For the specific content of the above proposals, please refer to the meeting materials of the shareholders' meeting separately published by the company, and the meeting materials of the shareholders' meeting will be published on the website of the Shanghai Stock Exchange (www.sse.com.cn) no later than May 16, 2021.

2. Special Resolution: Motion 8

3. Bills for small and medium-sized investors to count votes separately: Proposal 5, Proposal 7, Proposal 8

4. Proposals involving the recusal of affiliated shareholders from voting: Not applicable

Name of affiliated shareholder who should recuse himself from voting: Not applicable

III. Notes on Voting at Shareholders' Meetings

(1) If the shareholders of the Company exercise their voting rights through the online voting system of the shareholders' general meeting of the Shanghai Stock Exchange, they can either log on to the voting platform of the trading system (through the trading terminal of the securities company designated for trading) to vote, or log on to the Internet voting platform (website: vote.sseinfo.com) to vote. For the first time to log on to the Internet voting platform to vote, investors need to complete shareholder identity verification. For specific operations, please refer to the Internet voting platform website instructions.

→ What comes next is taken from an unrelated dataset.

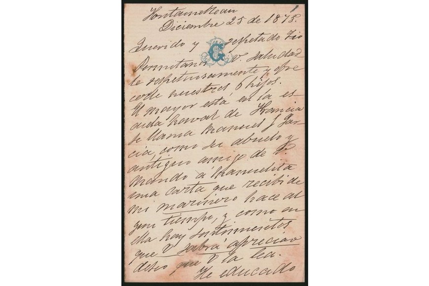 Primera cuartilla de la carta de Eduarda a su tío Juan Manuel de Rosas.

(2) Shareholders exercise their voting rights through the online voting system of the general meeting of shareholders of the Shanghai Stock Exchange, and if they have multiple shareholder accounts, they can use any shareholder account holding the company's shares to participate in the online voting. After voting, it is deemed that all of its shareholders' accounts have voted on the same opinion of the same class of common stock or the same variety of preferred shares.

(3) Where the same voting right is repeatedly voted through the site, the firm's online voting platform or other means, the result of the first vote shall prevail.

(4) Shareholders shall vote on all proposals before submitting them.

4. Participants in the meeting

(1) Shareholders of the Company registered with the Shanghai Branch of China Securities Depository and Clearing Co., Ltd. after the close of the market on the share registration date have the right to attend the general meeting of shareholders (for details, see the table below), and may appoint a proxy in writing to attend the meeting and participate in voting. The agent does not have to be a shareholder of the company.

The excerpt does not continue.